Re: [scipion-users] correct use of GPU IDs for multinode, multigpu job

SourceForge Headquarters 225 Broadway Suite 1600 San Diego, CA 92101 +1 (858) 422-6466

I believe it should be:

GPUs: 0 1 0 1

MPI: 3

I also think there is a bug when using this case we missed when 
migrating to python 3:

https://github.com/scipion-em/scipion-pyworkflow/blob/devel/pyworkflow/protocol/executor.py#L175

                chunk = nGpu / nThreads

should be

                chunk = int(nGpu / nThreads)

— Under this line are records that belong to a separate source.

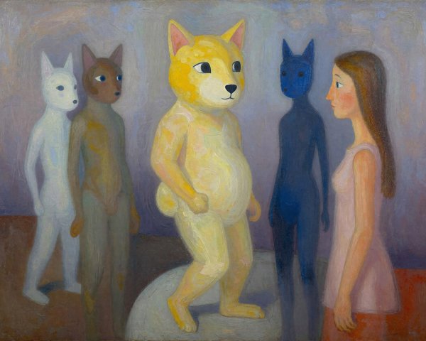 A vibrant portrait of a person with a colorful mohawk hairstyle. The bold background features shades of red and yellow, creating a striking contrast with the expressive colors of the figure.
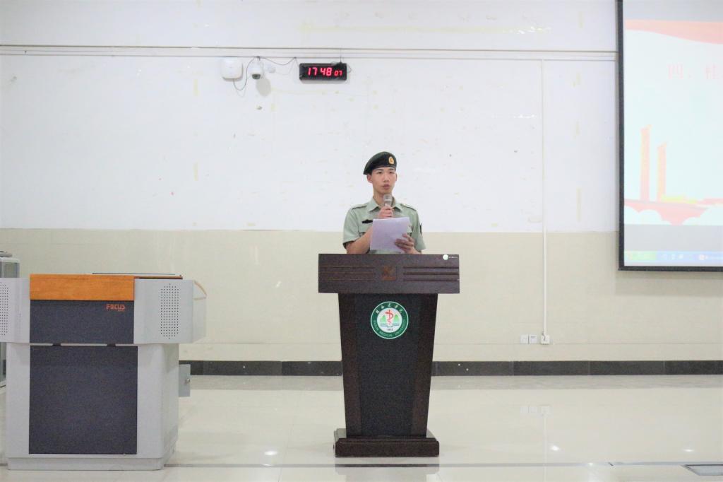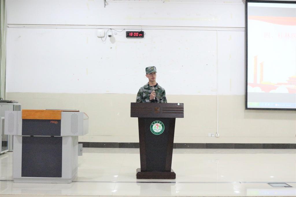 2019年5月21日下午5:30在临桂校区教学南楼多功能报告厅药学院举行2019年征兵宣传工作动员报告会,药学院徐勤院长、学校武装部、保卫处冯天谨处长、药学院党委谭钦刚副书记和优秀退役大学生代表陈名辉、李泳霖、黄东华同学受邀出席此次活动,药学院全体辅导员及432名男生参会,会议由学工办主任蒋艳平老师主持。
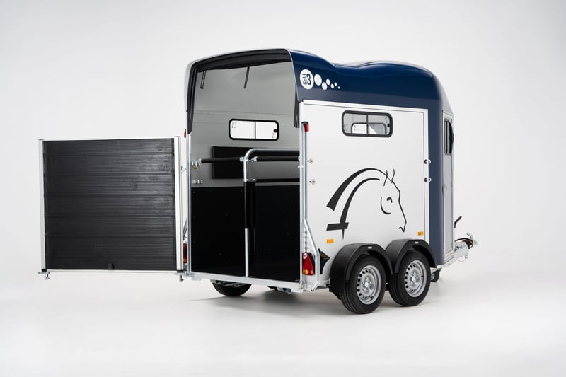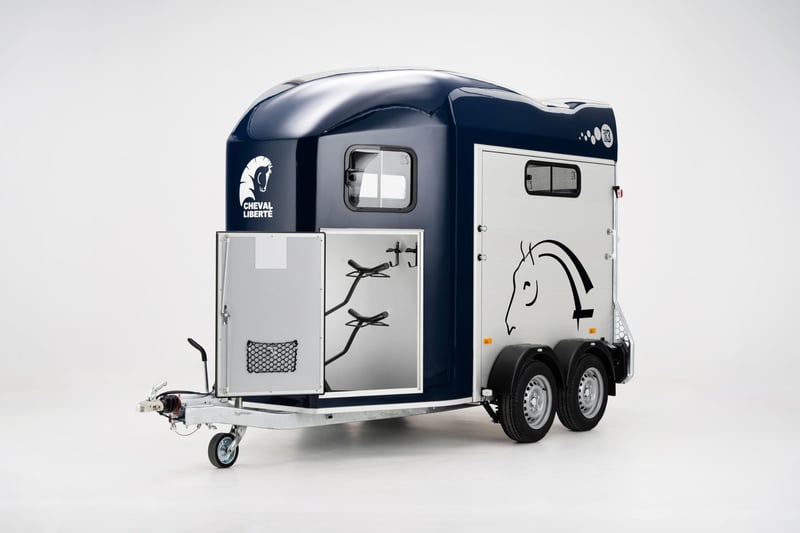 In stock colors: Blue White The Cheval Liberté Gold 3 horse trailer is a highly popular choice among horse owners and professionals due to its practicality, safety features, and elegant design. Engineered with the comfort and protection of your horses in mind, it provides advanced technology, user-friendly handling, and long-lasting durability. Key Features of the Gold 3 Trailer • Capacity: Suitable for transporting two horses • Pullman 2 Suspension System: Innovative Pullman 2 suspension ensures a smooth and stable ride, reducing vibrations and improving overall transport comfort. • High-Quality Materials: Anodized aluminum side panels and aluminum flooring (with a 5-year floor warranty) for superior durability and protection. • Ramp/Door Combination: The multifunctional rear system can be used as a ramp or door, allowing easy loading and unloading. • Ventilation: Multiple sliding windows ensure excellent airflow for the horses’ comfort. • Non-Slip Rubber Flooring: The floor is covered with sealed, non-slip rubber for increased safety. • Spacious Tack Room: Integrated tack compartment for secure and convenient storage. Technical Specifications & Standard Equipment Patented Pullman 2 chassis Reinforced fiberglass roof & front section Aluminum sides Large side access door Aluminum floor + 8 mm rubber mat Rear ramp also opens as doors + automatic roller Adjustable front and rear breast/breech bars Automatic jockey wheel with large handle Front sliding windows (tempered glass) with vents Side sliding windows 700 × 200 mm Padded side walls Kick-protected side panels Interior light Tack room Wheels 185/65R14 with steel rims Maximum total weight available up to 2600 kg 📞 Contact & Availability Trailers are available from stock or by order. For more information, please contact us: 📱 00386 40 984 220 📧 info@vprege-repnik.si Photos are symbolic.
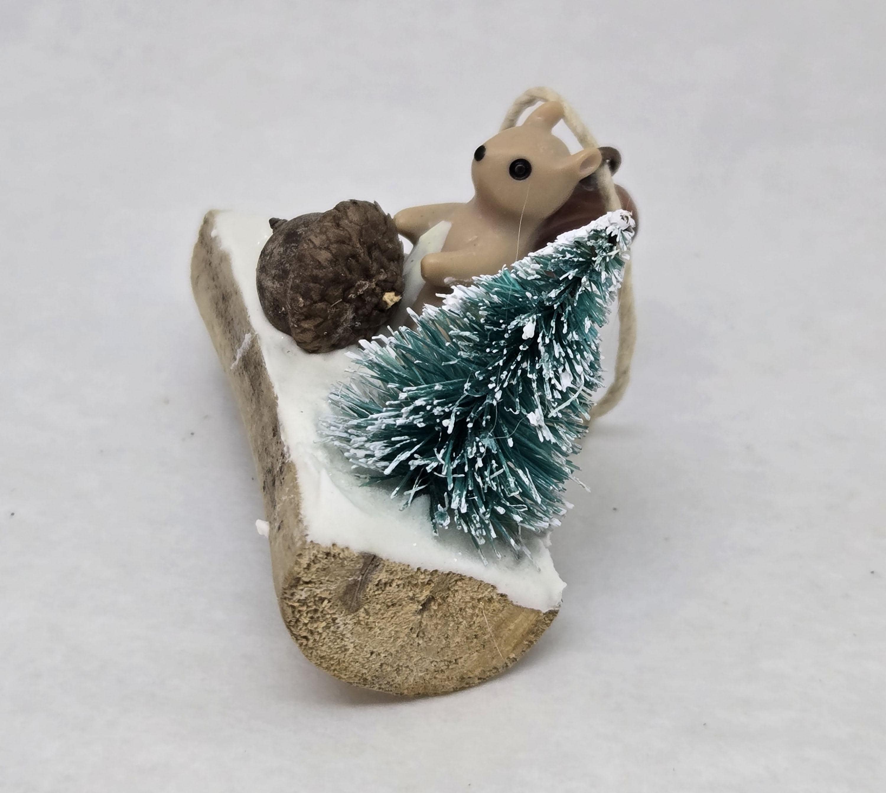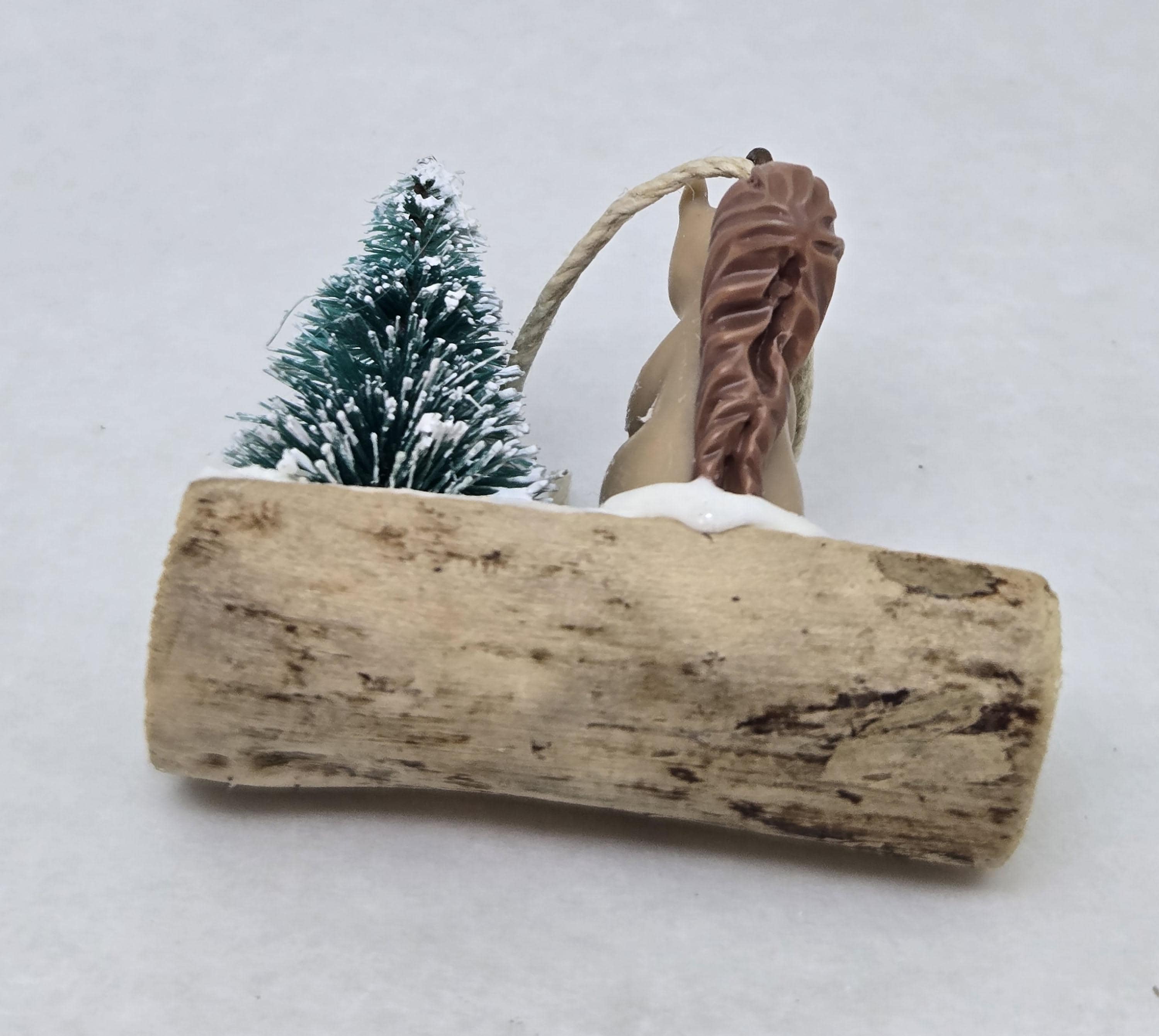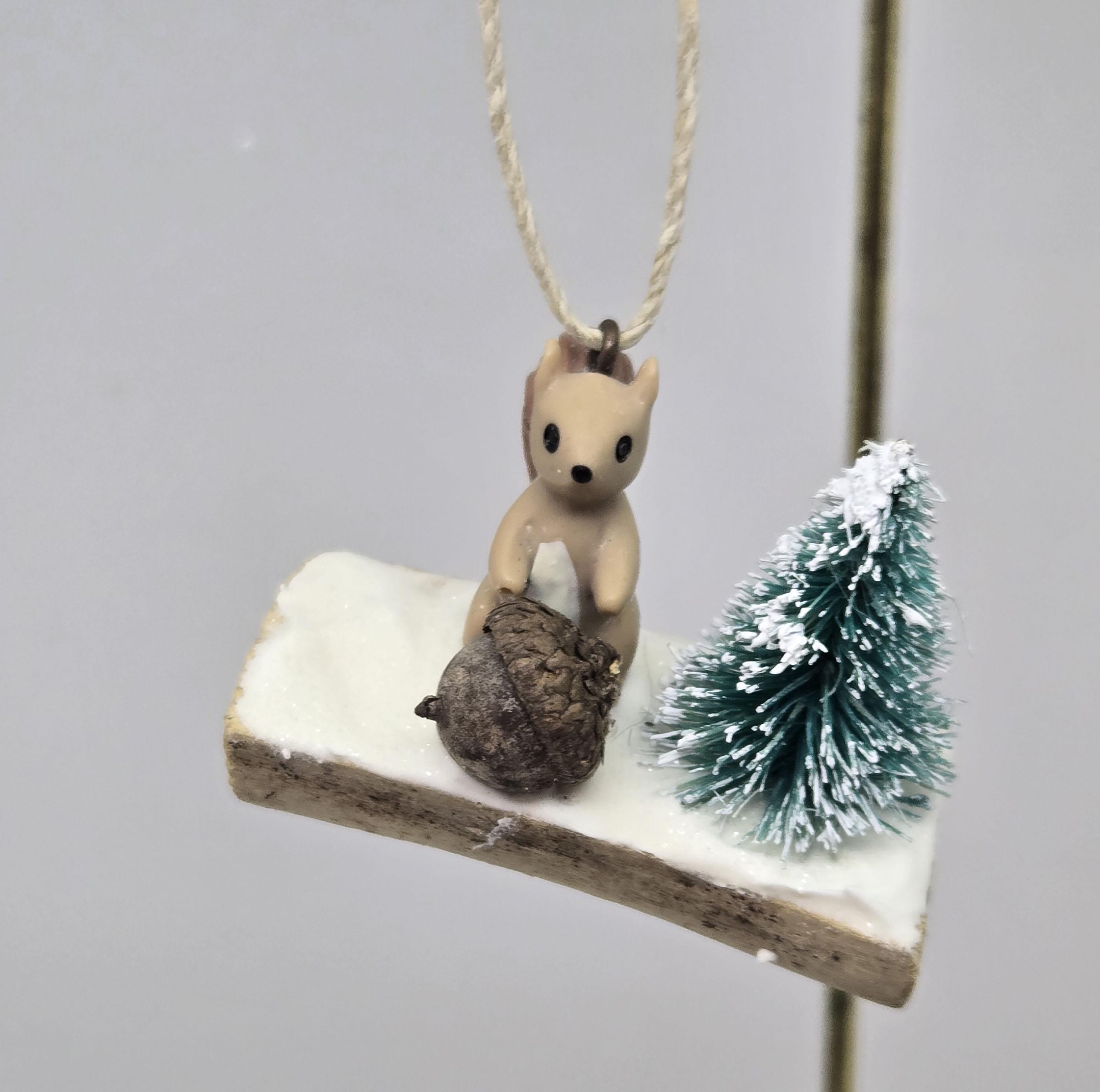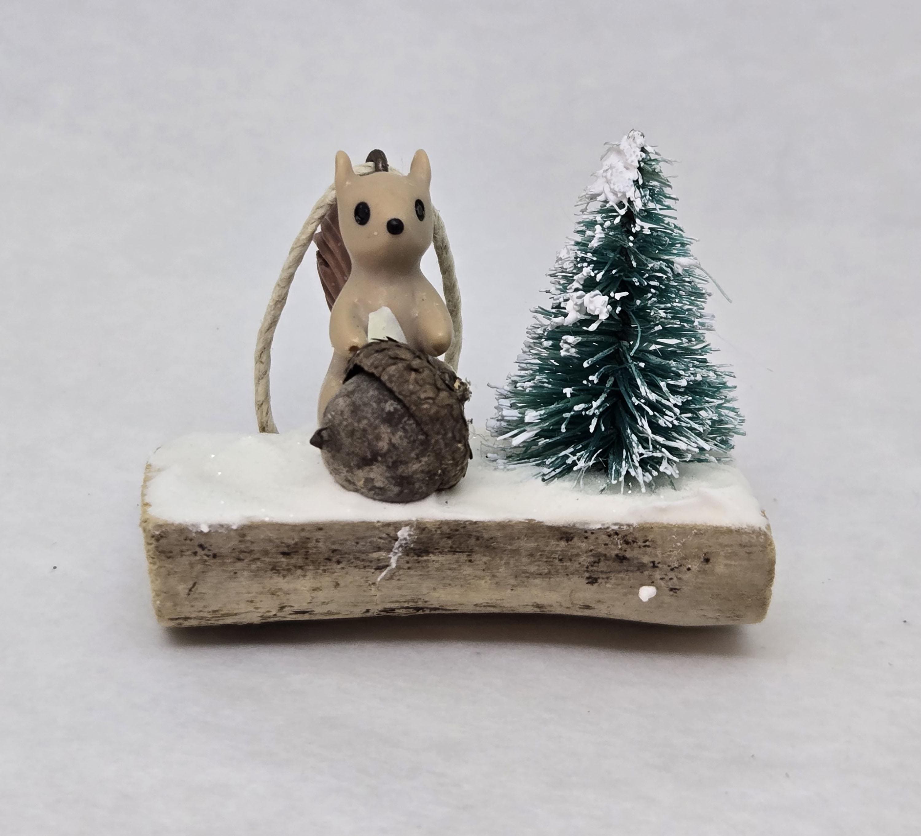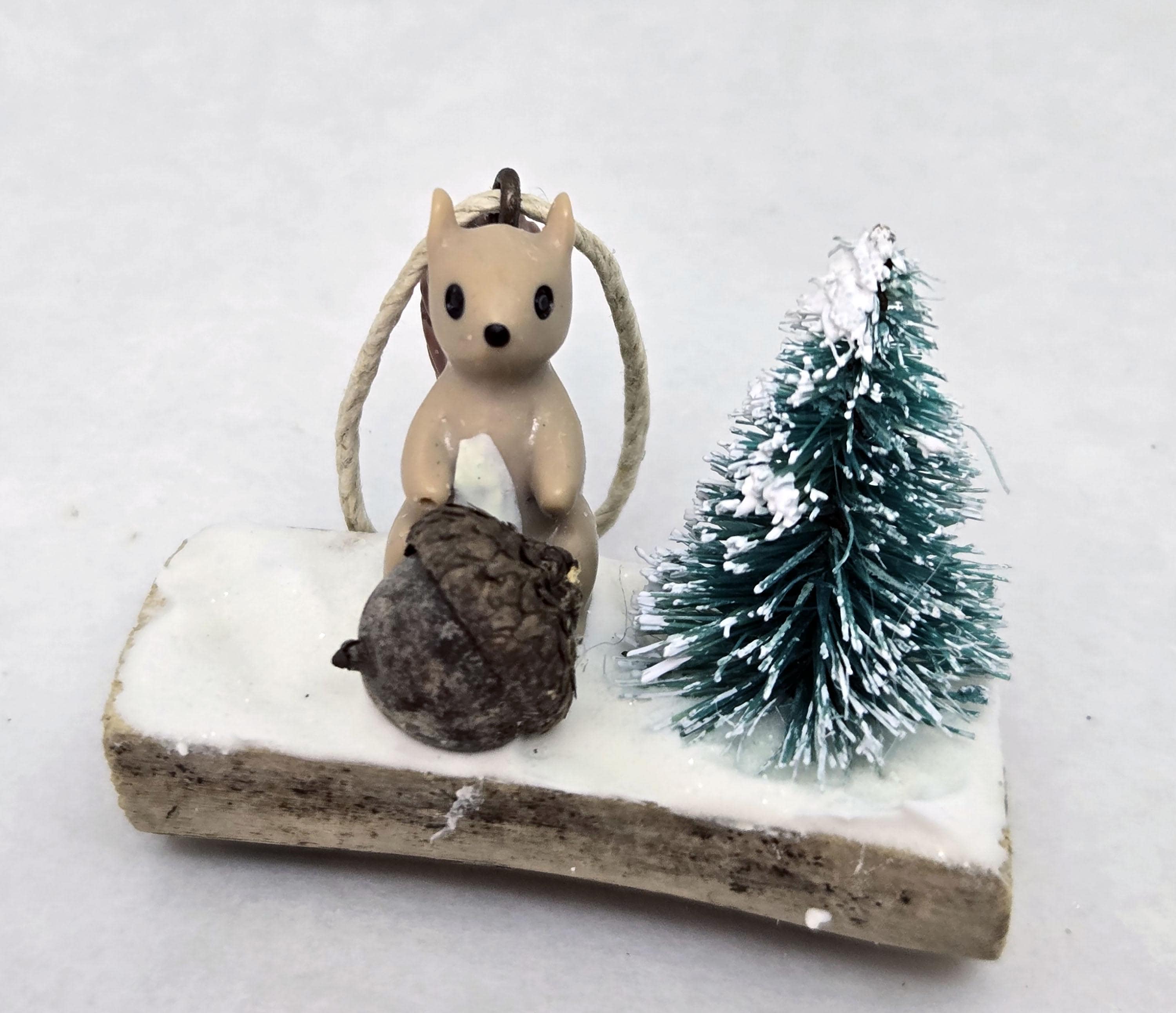 One of a kind, handcrafted miniature Squirrel ornament titled: Bushy Got a Big Acorn for Christmas. This is the perfect size for a small tree. I think these mini ornaments are also fun to hang on a gift bag or wrapped present. The base is a piece of tree limb. The squirrel is plastic. The acorn is real. I covered the top of the limb with artificial snow.
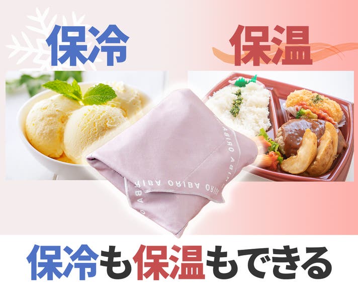 実は保温もできる!内側のアルミシートが熱を逃しにくく、あたたかいものを包めます。
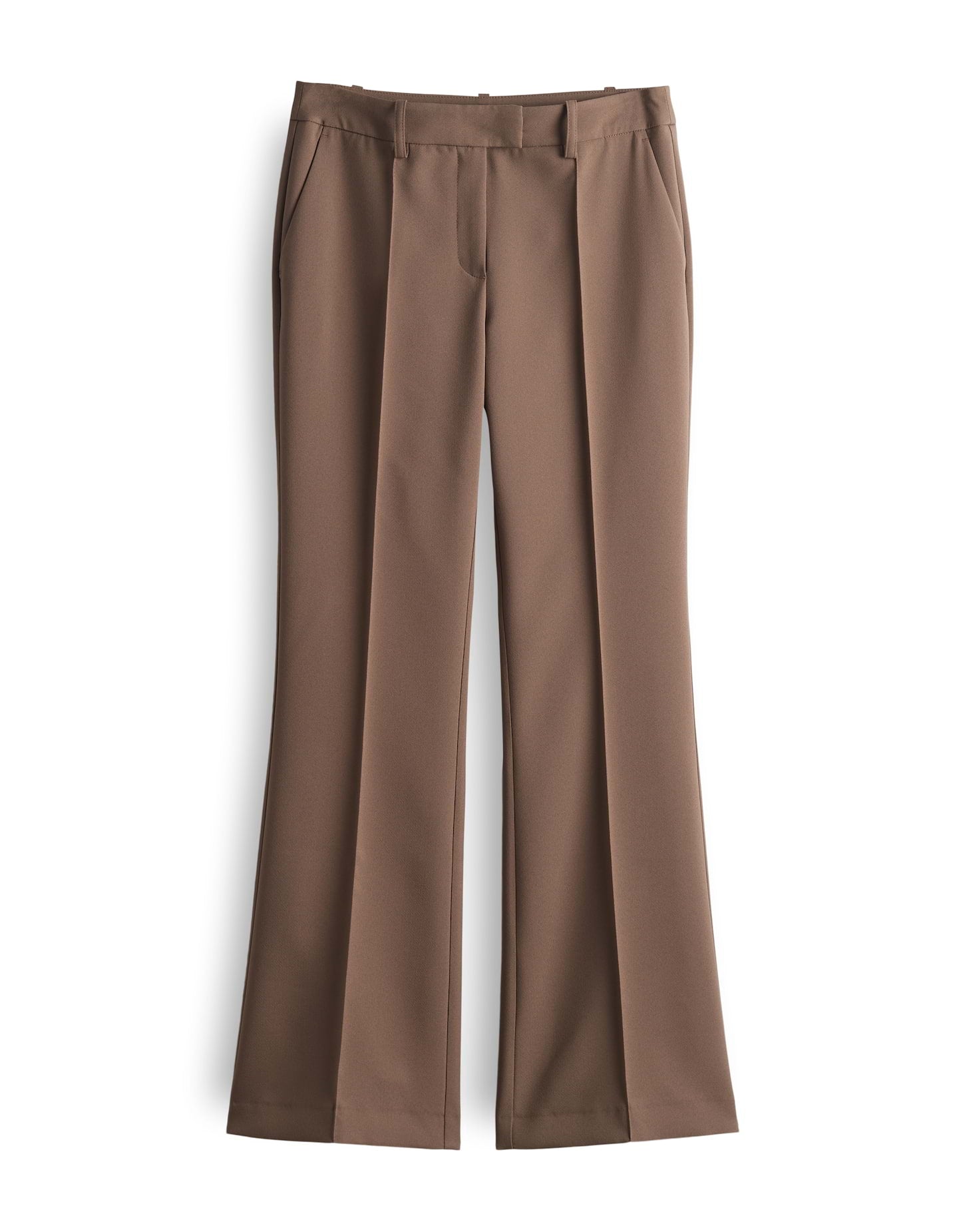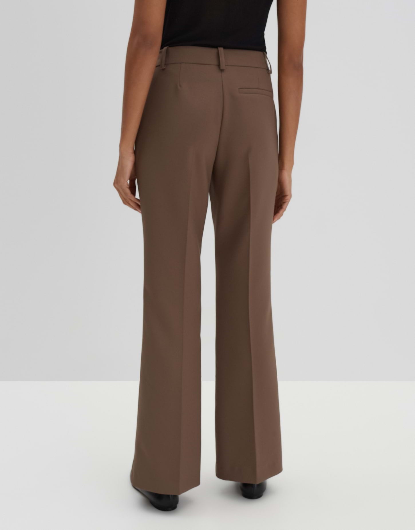 schmal am Oberschenkel, ausgestelltes Bein, Hosenbein Innenlänge in jeder Größe: 80 cm, Model Größe 176 cm – trägt Größe 36, elastischer Stoff, formstabil, dezente Struktur, französische Taschen, Zier-Paspeltasche hinten, Biese vorne, verdeckter Zip-Fly, Gürtelschlaufen
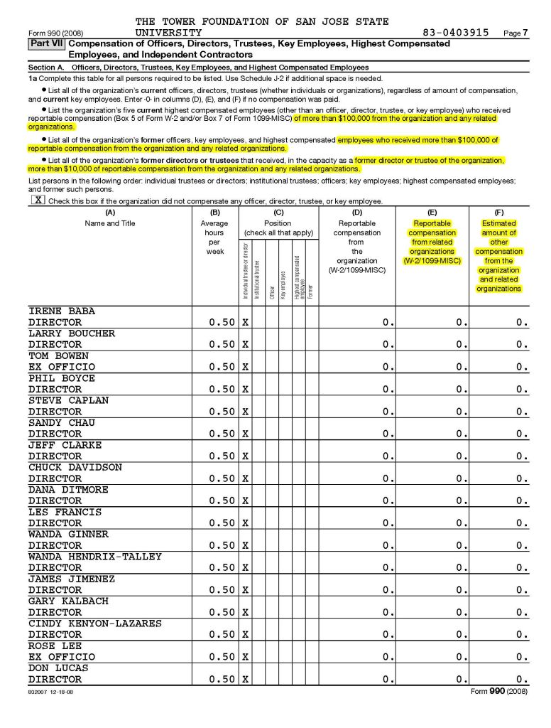 In 2008, the Tower Foundation again listed zero compensation for all members of the board. Under Part VII Compensation of Officers, Directors, Trustees, Key Employees, Highest Compensated Employees, and Independent Contractors, the organization was warned with three separate instructions of the requirement to disclose compensation from the organization and all related organizations:

I have to test this and release a fix.

On 22/1/21 14:34, Hoover, David (NIH/CIT) [E] via scipion-users wrote:
> Hi all,
>
> I am trying to launch a MotionCorr job using Scipion across multiple 
> nodes with multiple GPUs per node.
>
> If I leave GPU IDs blank, it attempts to run the tasks, but fails 
> because the gpu ids are missing (command has -Gpu %(GPU)s).
>
> If I set GPU IDs to "0", it finishes some of the tasks (where the 
> command includes -Gpu 0.0), but it fails on other tasks with 
> non-integer values for the gpu (e.g. -gpu 2.5).
>
> If I set GPU IDs to "0 1" (there are 2 gpus per node), the entire job 
> fails with this error:
>
> Traceback (most recent call last):
>   File 
> "/usr/local/apps/scipion/3.0.6/anaconda/envs/.scipion3env/lib/python3.8/site-packages/pyworkflow/apps/pw_protocol_mpirun.py", 
> line 54, in <module>
>     runProtocolMainMPI(projectPath, dbPath, protId, comm)
>   File 
> "/usr/local/apps/scipion/3.0.6/anaconda/envs/.scipion3env/lib/python3.8/site-packages/pyworkflow/protocol/protocol.py", 
> line 2229, in runProtocolMainMPI
>     executor = MPIStepExecutor(hostConfig, protocol.numberOfMpi.get() 
> - 1,
>   File 
> "/usr/local/apps/scipion/3.0.6/anaconda/envs/.scipion3env/lib/python3.8/site-packages/pyworkflow/protocol/executor.py", 
> line 342, in __init__
>     ThreadStepExecutor.__init__(self, hostConfig, nMPI, **kwargs)
>   File 
> "/usr/local/apps/scipion/3.0.6/anaconda/envs/.scipion3env/lib/python3.8/site-packages/pyworkflow/protocol/executor.py", 
> line 177, in __init__
>     self.gpuDict[node] = list(self.gpuList[i*chunk:(i+1)*chunk])
> TypeError: slice indices must be integers or None or have an __index__ 
> method
>
> How exactly should one designate the GPU IDs for such a situation?  
> For example, 2 nodes, each with 2 GPU?
>
> David
-- 
Pablo Conesa - *Madrid Scipion <http://scipion.i2pc.es> team*

Re: [scipion-users] correct use of GPU IDs for multinode, multigpu job

Image processing framework to integrate EM software packages.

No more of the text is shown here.